Urlaub konnte Sophie Hesse in den Sommerwochen zwar machen, allerdings musste sie den immer wieder bei der Arbeitsagentur beantragen. Dort meldete sie sich Sommers für Sommers als arbeitssuchend, bekam manchmal sogar Job- oder Weiterbildungsangebote. Für Schulen, die seit Jahren händeringend nach Lehrern suchen, wäre sie aufgrund der großen Hängepartie fast für immer unerreichbar geworden. Sie schaute sich nach einem Job in der freien Wirtschaft um, Bewerbungsfotos waren gemacht. Dann kam das Angebot der Gemeinschaftsschule. "Es war wirklich kurz vor knapp."
Um Lehrerzimmer zu füllen, bittet das Land Lehrer in Teilzeit, mehr Stunden zu unterrichten, und Pensionäre zurück in die Klassenzimmer. Das sei doch paradox, sagt Sophie Hesse, wenn auf der anderen Seite die befristet angestellten Lehrer keinen unbefristeten Vertrag bekommen.
Angestellte kann im Sommer nicht das Klassenzimmer vorbereiten

Marijke Clark ist seit einigen Jahren stets aufs Neue an einem Schulkindergarten in Stuttgart-Freiberg tätig - bislang stets befristet, im September wird ihr Vertrag entfristet.
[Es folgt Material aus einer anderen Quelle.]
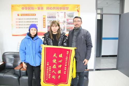 2019年12月23日上午,天津市民张先生拿着锦旗来到lejing乐竞体育(中国)体育官方网站党委学工部,寻找感谢两个分别叫“爱格”和“冷敏”的少数民族学生。

In den Vorjahren nagte die Situation an ihren Nerven, sie beschreibt die Hängepartie als "eine psychische Belastung". Es wirkt sich auf die Arbeit aus. "Es gibt keine Möglichkeit, mich vorzubereiten."
Läuft der Vertrag aus, kann sie nicht mehr in den Kindergarten. Die Räume umgestalten, damit musste sie warten, bis sie wieder reindurfte. Die inhaltliche Vorbereitung machte sie in den Sommerwochen daheim mit der Hoffnung, tatsächlich zurück an den Kindergarten zu kommen. Geld gab es nicht, das alles lief "natürlich unentgeltlich", erzählt sie. "Das hat Unsicherheiten auf allen Seiten", findet Marijke Clark - auch auf Ebene der Schulleitungen. Die könnten nicht rechtzeitig planen, wie viel Personal ihnen nach den Ferien überhaupt zur Verfügung steht.
Das sagt die Gewerkschaft Erziehung und Wissenschaft
Mehrere Bildungsverbände kritisieren das Land dafür, Lehrer mit befristeten Verträgen in den Sommerferien zu entlassen. Befristet beschäftigte Lehrer hielten "unter oft schwierigen Bedingungen und bei deutlich schlechterer Bezahlung" mit ihren fest eingestellten Kollegen den Unterrichtsbetrieb aufrecht, sagte Monika Stein, Landesvorsitzende der Gewerkschaft Erziehung und Wissenschaft. Sie ist überzeugt davon, dass das Land "falsche Prioritäten" setze. Bildung falle hinten runter, sagte sie.
So schätzt die Kultusministerin die Situation ein
Kultusministerin Theresa Schopper (Grüne) äußert sich am Rande ihres Besuchs in Heilbronn zu dem Thema. Sie hatte zu Beginn ihrer Amtszeit angekündigt, die Praxis der Sommer-Entlassungen abzuschaffen. "Im letzten Haushalt haben wir die Mittel dafür aber nicht bekommen." Für nächstes Jahr seien die Gelder wieder angemeldet, es geht um 14 bis 15 Millionen Euro. Dass die Mittel diesmal bereitgestellt werden, hält sie aber nicht für realistisch.
Was Schopper nicht verstehen kann: Wenn "eine verbeamtete Stelle abgelehnt wird", etwa weil der Einsatzort den Lehrern nicht gefalle. Wolle man Beamter werden, brauche man ein gewisses Maß an Flexibilität, sagt sie. Die Ministerin bekräftigt aber, dass daran gearbeitet werde, unter anderem Hürden für eine Entfristung abzubauen.